Jacopo Di Russo: Interdisciplinary Centre for Clinical Research, RWTH Aachen University & DWI - Leibniz-Institute for Interactive Materials, Germany
After receiving his M.Sc. in cellular and molecular biology from the University of Florence in Italy, Jacopo Di Russo moved to Germany thanks to a Marie Curie Fellowship. There he completed his Ph.D. at the University of Muenster, studying the physiological function of endothelial basement membrane laminins. In 2015 he joined the Max Planck Institute for Medical Research in Heidelberg (Germany), deepening his knowledge of cell adhesion at biophysical levels.

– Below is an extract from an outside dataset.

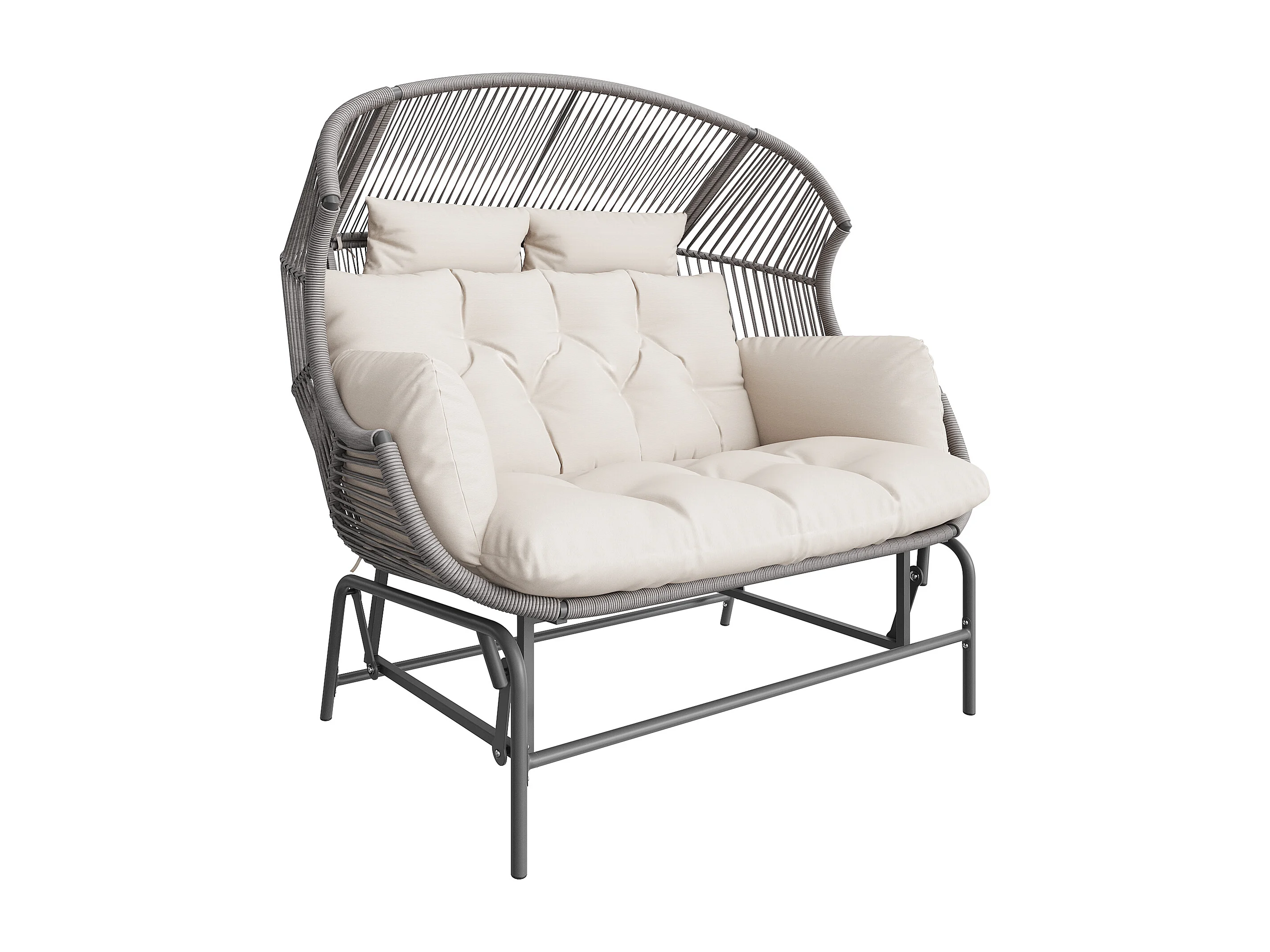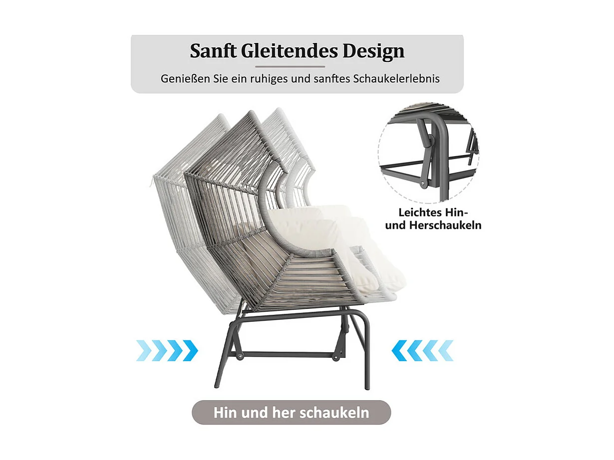 Podwójny fotel bujany ogrodowy 145x85x143cm - Fotel bujany - Rattan PE + żelazo + wodoodporna tkanina - szary

Since 2019 he has been a group leader at the RWTH Aachen University, Germany. Jacopo Di Russo’s research aims to understand the interplay of extracellular matrix biochemical and physical information in controlling epithelial mechanobiology.

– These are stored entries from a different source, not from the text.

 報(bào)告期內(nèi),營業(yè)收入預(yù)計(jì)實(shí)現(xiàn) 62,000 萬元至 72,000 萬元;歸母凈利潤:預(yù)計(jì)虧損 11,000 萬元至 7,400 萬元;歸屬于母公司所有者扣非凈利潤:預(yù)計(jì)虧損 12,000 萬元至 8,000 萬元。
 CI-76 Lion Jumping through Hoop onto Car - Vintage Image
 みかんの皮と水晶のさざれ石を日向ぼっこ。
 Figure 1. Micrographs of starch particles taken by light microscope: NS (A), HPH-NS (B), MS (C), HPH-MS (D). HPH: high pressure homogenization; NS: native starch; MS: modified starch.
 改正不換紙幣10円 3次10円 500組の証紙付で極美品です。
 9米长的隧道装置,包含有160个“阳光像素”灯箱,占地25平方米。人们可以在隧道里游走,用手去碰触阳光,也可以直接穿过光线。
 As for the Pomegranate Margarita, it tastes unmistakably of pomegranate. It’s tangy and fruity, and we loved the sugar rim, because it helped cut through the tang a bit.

Nicholas Kurniawan: Department of Biomedical Engineering, Eindhoven University of Technology, Netherlands
Nicholas Kurniawan’s research focuses on understanding why and how cells behave the way they do in different physical and mechanical environments. To answer this question, he engineers biomimetic cellular environments at multiple scales—from 2D micropatterns to 3D extracellular matrices and bioreactors—where every physical and mechanical cues to the cells can be precisely controlled. These in vitro platforms enable him to systematically break down the origins of basic cellular behavior, such as adhesion, orientation, migration, and differentiation. The overarching goal is to use the obtained insights to direct cell response in vivo, for example, to promote tissue regeneration or to slow down disease progression.
Laurent Pieuchot: CNRS (Centre National de la Recherche Scientifique), France
Laurent Pieuchot's group is interested in understanding how cells interact with their physical environment by developing interdisciplinary approaches that combine cell biology, material sciences, biophysics and modelling. They have recently shown that cells and tissues can respond to cell-scale curvatures through a process called curvotaxis. Dr Pieuchot's group is also developing biomimetic cell micro-environments, nanoscale self-assembled signalling platforms, bio-derived microsystems and bioactive materials, at the interface between biology and material sciences.
Srikala Raghavan: A*Star Skin Research Lab, Agency for Science, Technology and Research, Singapore
Dr Srikala Raghavan obtained her Ph.D from the University of Cambridge and did her post-doctoral training with Prof Elaine Fuchs at the University of Chicago and later at The Rockefeller University. In 2005, Dr Raghvan established her lab at Columbia University NY, at the College of Dental Medicine and Dept of Dermatology. In 2012, she was recruited to inStem Bangalore to establish the Centre for Inflammation and Tissue Homeostasis where she is an Associate Professor. In January 2020, Dr Raghavan joined A*SRL, A*STAR as a Principle Investigator. The Raghavan Lab studies stem cell homeostasis and immune regulation in the skin.
Stéphane Verger: Umeå Plant Science Centre, Department of Plant Physiology, Umeå University, Sweden
Stéphane is a plant biologist, and associate professor at the Department of Plant Physiology of Umeå university, a part of Umeå Plant Science Centre. After finishing his Ph.,D (2011-2014; IJPB, Versailles, France) on the physiological and chemical basis of cell adhesion in plants, he turned to the study of plant biophysics and mechanosensing (2014-2018; ENS, Lyon, France). Since starting his independent group in 2019 one of his main interests has been studying the contribution of biomechanics and mechanosensing for cell adhesion in plants using novel and interdisciplinary approaches, including micromechanical tools, confocal microscopy and computational modeling.